**** Dataset extract
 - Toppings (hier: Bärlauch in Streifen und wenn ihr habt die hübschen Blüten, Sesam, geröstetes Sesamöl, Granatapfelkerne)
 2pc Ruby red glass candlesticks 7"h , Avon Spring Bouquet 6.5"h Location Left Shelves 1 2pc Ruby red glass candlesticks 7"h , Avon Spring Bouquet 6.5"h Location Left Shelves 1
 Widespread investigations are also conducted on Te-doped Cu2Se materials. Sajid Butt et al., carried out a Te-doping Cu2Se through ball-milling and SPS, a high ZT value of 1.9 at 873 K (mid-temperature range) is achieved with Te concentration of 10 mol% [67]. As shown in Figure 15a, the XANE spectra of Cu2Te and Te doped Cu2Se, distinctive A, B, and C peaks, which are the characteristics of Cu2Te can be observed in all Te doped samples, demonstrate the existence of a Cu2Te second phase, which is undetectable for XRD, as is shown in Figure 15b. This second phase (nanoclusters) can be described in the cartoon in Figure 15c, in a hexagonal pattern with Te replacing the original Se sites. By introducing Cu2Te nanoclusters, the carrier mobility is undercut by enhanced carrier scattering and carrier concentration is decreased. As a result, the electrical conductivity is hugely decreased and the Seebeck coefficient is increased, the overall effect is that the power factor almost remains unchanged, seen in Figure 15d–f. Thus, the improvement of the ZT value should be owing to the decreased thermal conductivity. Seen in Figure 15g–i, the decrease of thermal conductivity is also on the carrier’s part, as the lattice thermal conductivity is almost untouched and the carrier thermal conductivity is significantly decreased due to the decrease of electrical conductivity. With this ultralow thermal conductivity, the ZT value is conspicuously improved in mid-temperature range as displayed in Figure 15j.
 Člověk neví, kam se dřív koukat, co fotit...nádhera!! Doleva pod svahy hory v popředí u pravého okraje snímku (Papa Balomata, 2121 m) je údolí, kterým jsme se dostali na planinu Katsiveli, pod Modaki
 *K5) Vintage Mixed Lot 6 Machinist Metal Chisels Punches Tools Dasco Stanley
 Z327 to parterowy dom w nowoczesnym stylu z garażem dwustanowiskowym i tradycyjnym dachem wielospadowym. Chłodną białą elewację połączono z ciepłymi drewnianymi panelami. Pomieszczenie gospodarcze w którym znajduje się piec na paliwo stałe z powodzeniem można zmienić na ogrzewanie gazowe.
********
**** Dataset extract
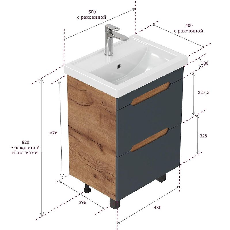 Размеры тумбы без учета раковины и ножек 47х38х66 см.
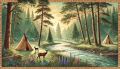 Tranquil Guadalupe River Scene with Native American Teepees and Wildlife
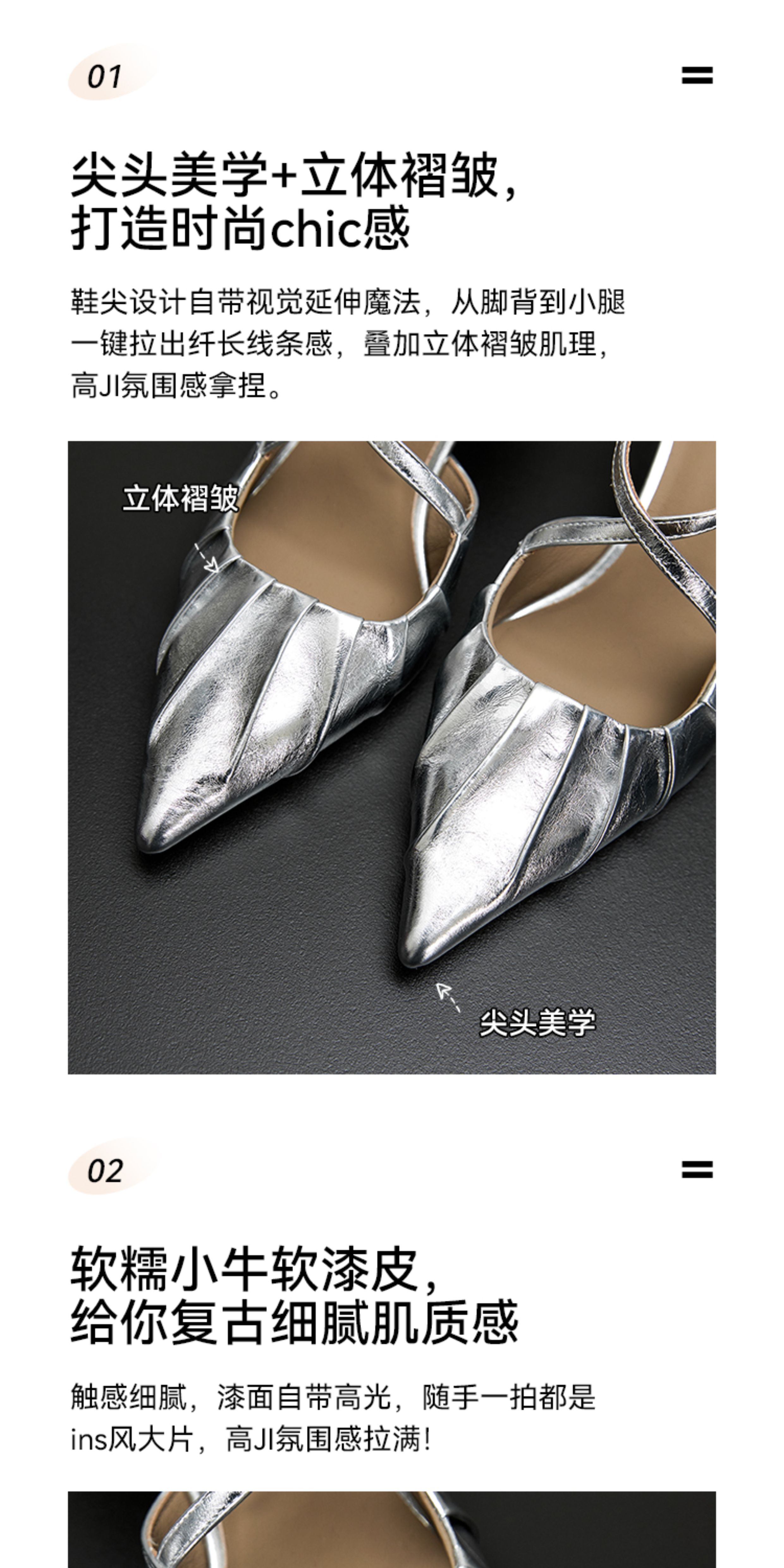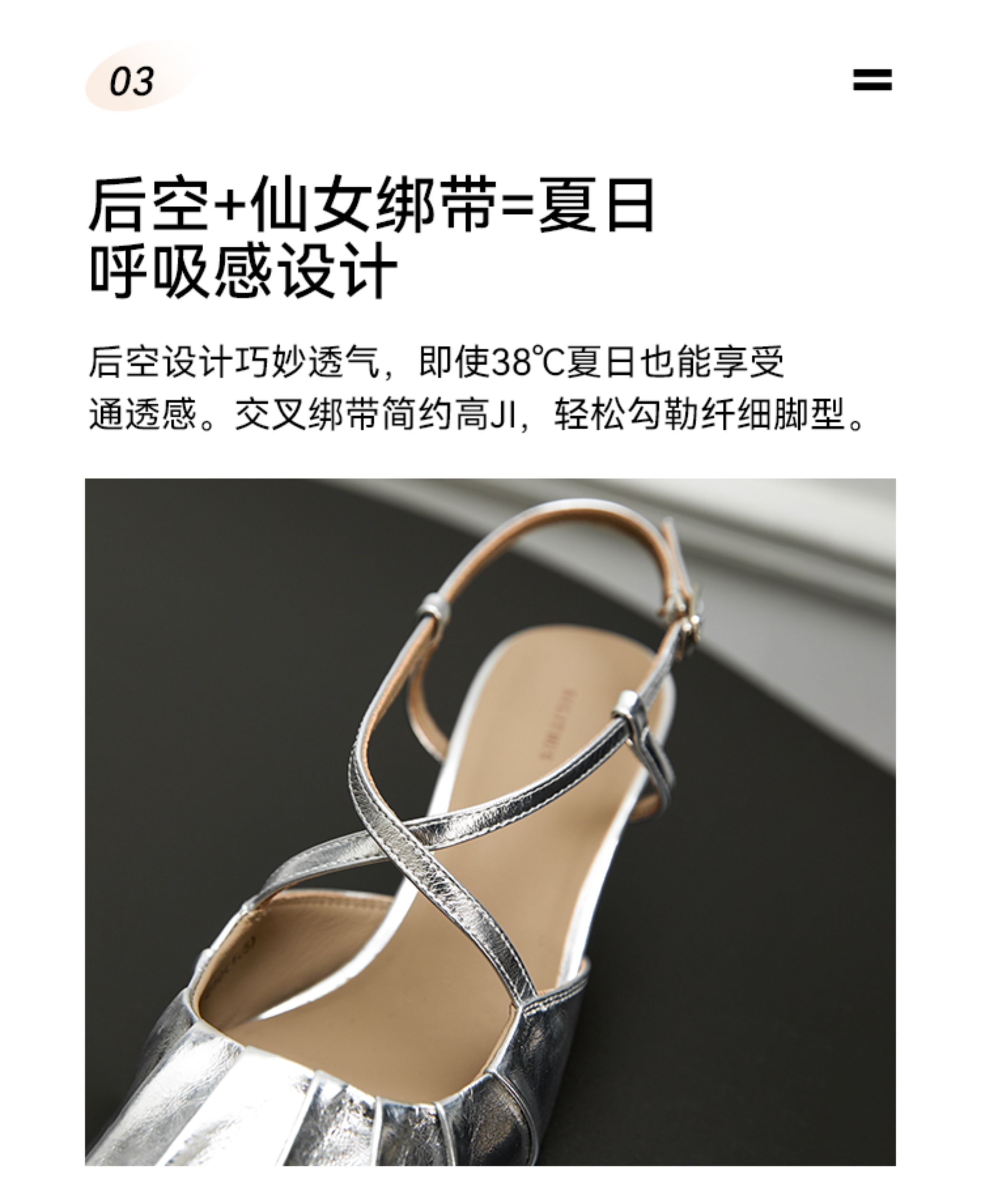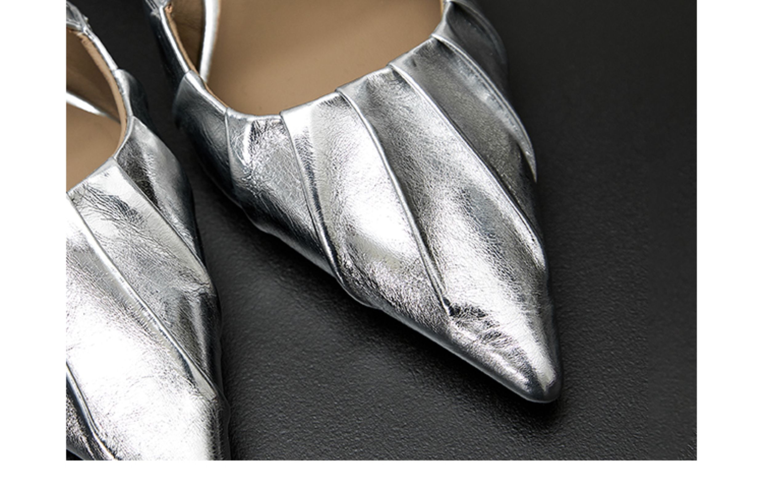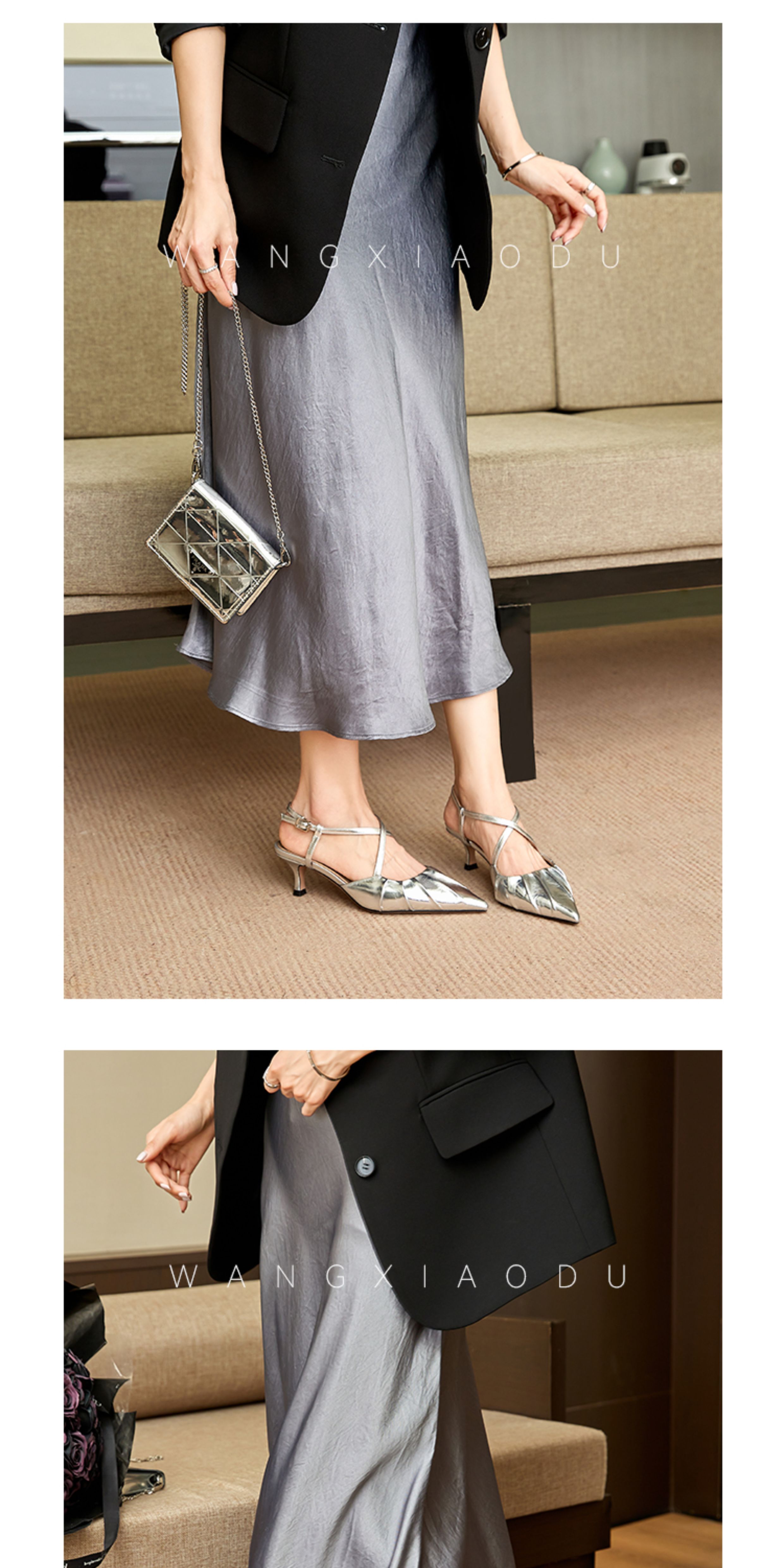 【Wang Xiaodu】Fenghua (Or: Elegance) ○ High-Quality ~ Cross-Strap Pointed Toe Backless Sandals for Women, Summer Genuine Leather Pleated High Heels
********
## [What the task asks]
Please give again the lines above between the line holding "- Toppings (hier: Bärlauch" and the line holding "Shelves 1 2pc", inclusive, exactly as they are and with nothing added.

## [Written solution]
 - Toppings (hier: Bärlauch in Streifen und wenn ihr habt die hübschen Blüten, Sesam, geröstetes Sesamöl, Granatapfelkerne)
 2pc Ruby red glass candlesticks 7"h , Avon Spring Bouquet 6.5"h Location Left Shelves 1 2pc Ruby red glass candlesticks 7"h , Avon Spring Bouquet 6.5"h Location Left Shelves 1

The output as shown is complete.